# Advice for smallish living room



## ntzeke (May 19, 2008)

Just ran into this great forum. I am excited to read all of the information in here.

My wife and I are buying a house soon. First I want to put up our flat screen in the living room.

Attached is a picture of the living room. Where do you think would be a proper place for a flat screen for the living room? My two options seem to be above the fire place or on the wall to the right. 

I am concerned about glare from the windows if it is on the wall to the right. Above the fireplace I am concerned about the cost involved due to the window being above the fireplace. 

Please give me a suggestion or two. I want to put the TV above the fireplace but am not sure what it would involve.


----------



## bpape (Sep 14, 2006)

Welcome to the forum.

Putting it above the fireplace is going to be very expensive and potentially not even doable due to the small amount of structure available to run in.

Also, it's likely just as poor a viewing option as the wall to the right. While it may not be glare on the set, it is light straight in your face which is as bad or worse. Rooms like that are beautiful to look at and for general living but just not condusive to AV. 

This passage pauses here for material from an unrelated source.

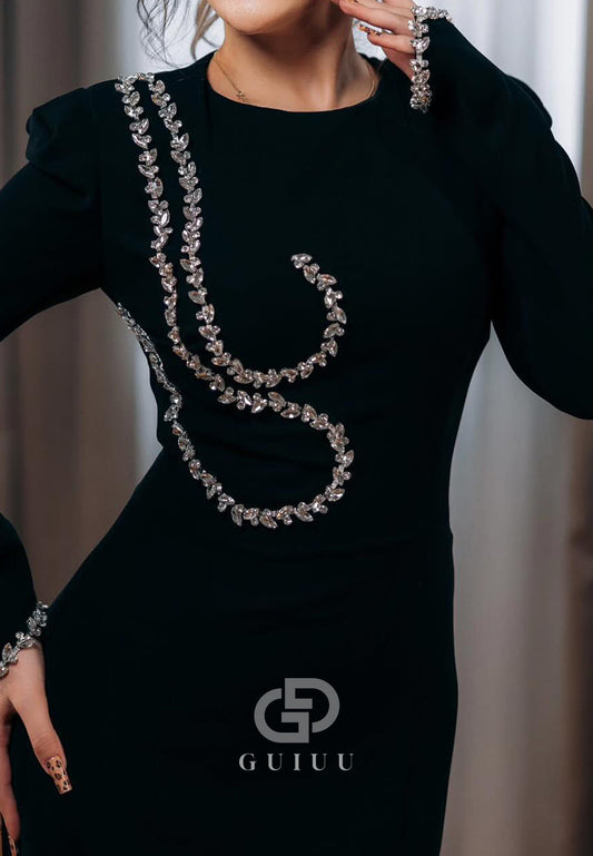 G4517 - Elegant & Luxurious Column Round Long SLeeves Black Ruched High Side Slit Sweep-Length Prom Evening Dress

Without knowing which way those windows face, what you have for trees around, etc. - hard to say if on the wall is doable or not. My gut is that over the fireplace just isn't an option.

Bryan


----------



## salvasol (Oct 31, 2006)

Welcome to the forum :wave: :wave: :wave:

What about diagonally between fireplace and right wall??? 

You'll need a stand, and you'll have to deal with accoustic problems ... I think. :bigsmile:


----------



## ntzeke (May 19, 2008)

Thanks a lot for the replies. 

When I get in there again, I will know better how to attack the living room. The glare from putting the TV on the wall may not be as bad as I think it will. 

The living room will only be a secondary place to watch movies anyway.


----------